17’nci yüzyılın ikinci yarısıyla 18’inci yüzyılın ilk yarısı arasında yaşadı. Asıl adı Mehmet ya da Mustafa. Yaşamına ilişkin kesin bilgiler yok. Nereli olduğu da kesin olarak bilinmiyor. Kırımlı, İstanbullu ya da devşirme olduğu yolunda tahminler var. Ancak Merzifonlu Kara Mustafa Paşa’nın ikinci Viyana kuşatması üzerine söylediği şiirler, onun bu savaşa katıldığını göstermese de dönemin olaylarıyla ilgili bilgisi olduğuna işaret eder. Osmanlı devletinin birçok yerini gezdi. Hem aruz, hem hece ölçüsüyle şiirler söyledi. Aruzda, hecedeki kadar başarılı olamadı. Pek çok eski eserde ondan sözedilmesi şiirlerinin çokça tanındığını ve sevildiğini gösterir. Müzikle de ilgilendi. Şiirlerinde pekçok makam kullandı. Bazı şiirleri başkaları tarafından bestelendi. Kendi adıyla bilinen bir de makam vardır. Yani “Gevheri Makamı.”
Gevherî’nin hayatıyla ilgili bazı kaynaklar aşağıda verilmiştir:
Evliya Çelebi Seyahatnamesi: Eserde Gevherî’nin saz çalışı övülür. Ayrıca IV, Murad (1612-1640)ın seferlerine katıldığından da söz edilir.
Ali Ufkî (XVII. Yüzyıl), Mecmûâ-i Sâz ü Söz: Eserde, âşığın iki koşmasına yer verilmiştir.
Âşığımızın Köprülü Fazıl Ahmet Paşa’nın Uyvar Seferi (1663) ve Merzifonlu Kara Mustafa Paşa’nın II. Viyana Kuşatması (1683) üzerine söylemiş olduğu şiirler de vardır.
İbrahim Naimeddin, Hadîkatüş- şuhedâ adlı eserinde, “… meşhur Gevherîşair ol esnada Egre’de bulunup bâlâ-yı risalede yazılan mersiyesini nazm eylemiştir:” (Elçin 1984: 15) cümlesine yer verir.
Sun’î (XVII. yy.) ve Hızrî (XVIII. yy.)’nin şairnâmeleri’nde Cevheri olarak geçen şair Gevherî’den başkası değildir.
Bütün bu hususlar da Gevherî’nin XVII. yüzyılın ilk çeyreğinde yaşadığı fikrini kuvvetlendirmektedir.

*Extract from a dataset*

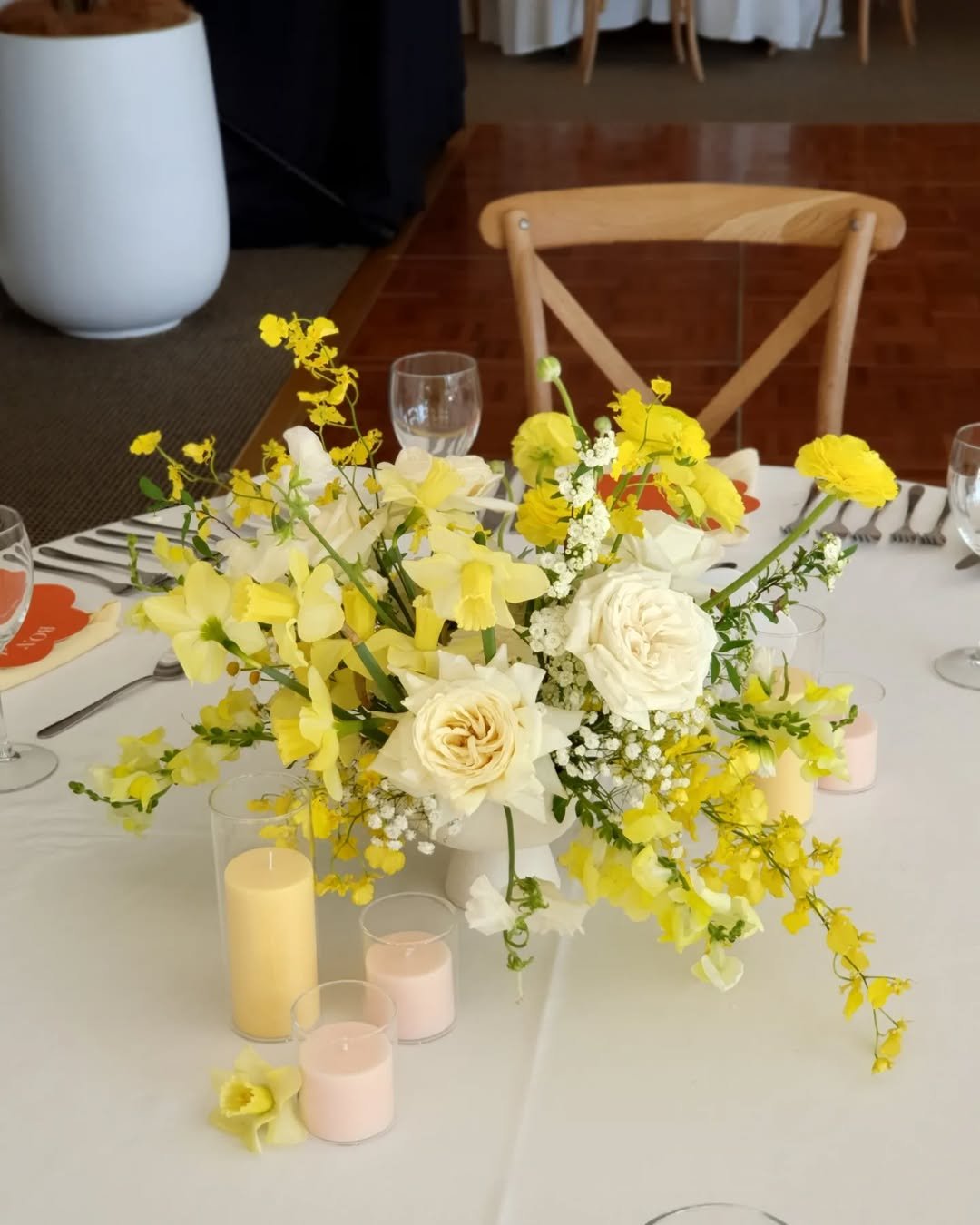 Yellow daffodils, creamy roses, and sprigs of baby’s breath tumble together in the prettiest burst of sunshine. It feels like a countryside brunch where everyone lingers over mimosas and stories. The soft pink and buttercream candles at the base add warmth without stealing focus.

Gevherî’nin Bektaşî olduğu ileri sürülürse de, biz “Bektâşiden ziyâde bektâşî muhibbi saymak bize daha uygun görünüyor.” (Elçin 1984: 16) şeklindeki görüşe katılıyoruz.
Şiirlerinden hareketle medrese öğrenimi gördüğünü söyleyebiliriz. Hem aruz hem de hece vezniyle şiirler yazmıştır. Dili Aşık Ömer’in dili kadar olmasa da ağırdır. Şiirlerinde Arapça ve Farsça kelimelerin fazlalığı dikkatlerden kaçmamaktadır. Hece ile yazdığı şiirleri semaî ve koşma; aruzla yazdığı şiirleri ise divan, kalenderi, gazel, semaî ve müstezat tarzındadır.
Gevherî’nin şiirleri, divanının dışında cönklerde de yer almaktadır. Türkiye ve Avrupa kütüphanelerindeki cönklerde çok sayıda şiiri bulunmaktadır. Çorum ve Bursa’da bulunan yazmalar, divandan ziyade divançe özelliği göstermektedir.
Şiirlerinde aşk, tabiat, sevgili ve ayrılık gibi konuları işlemiştir. Musikî makamlarından olan Gevherî makamı, onun musikîyle ilgilenen bir âşık olduğunu düşüncesini doğurmuştur.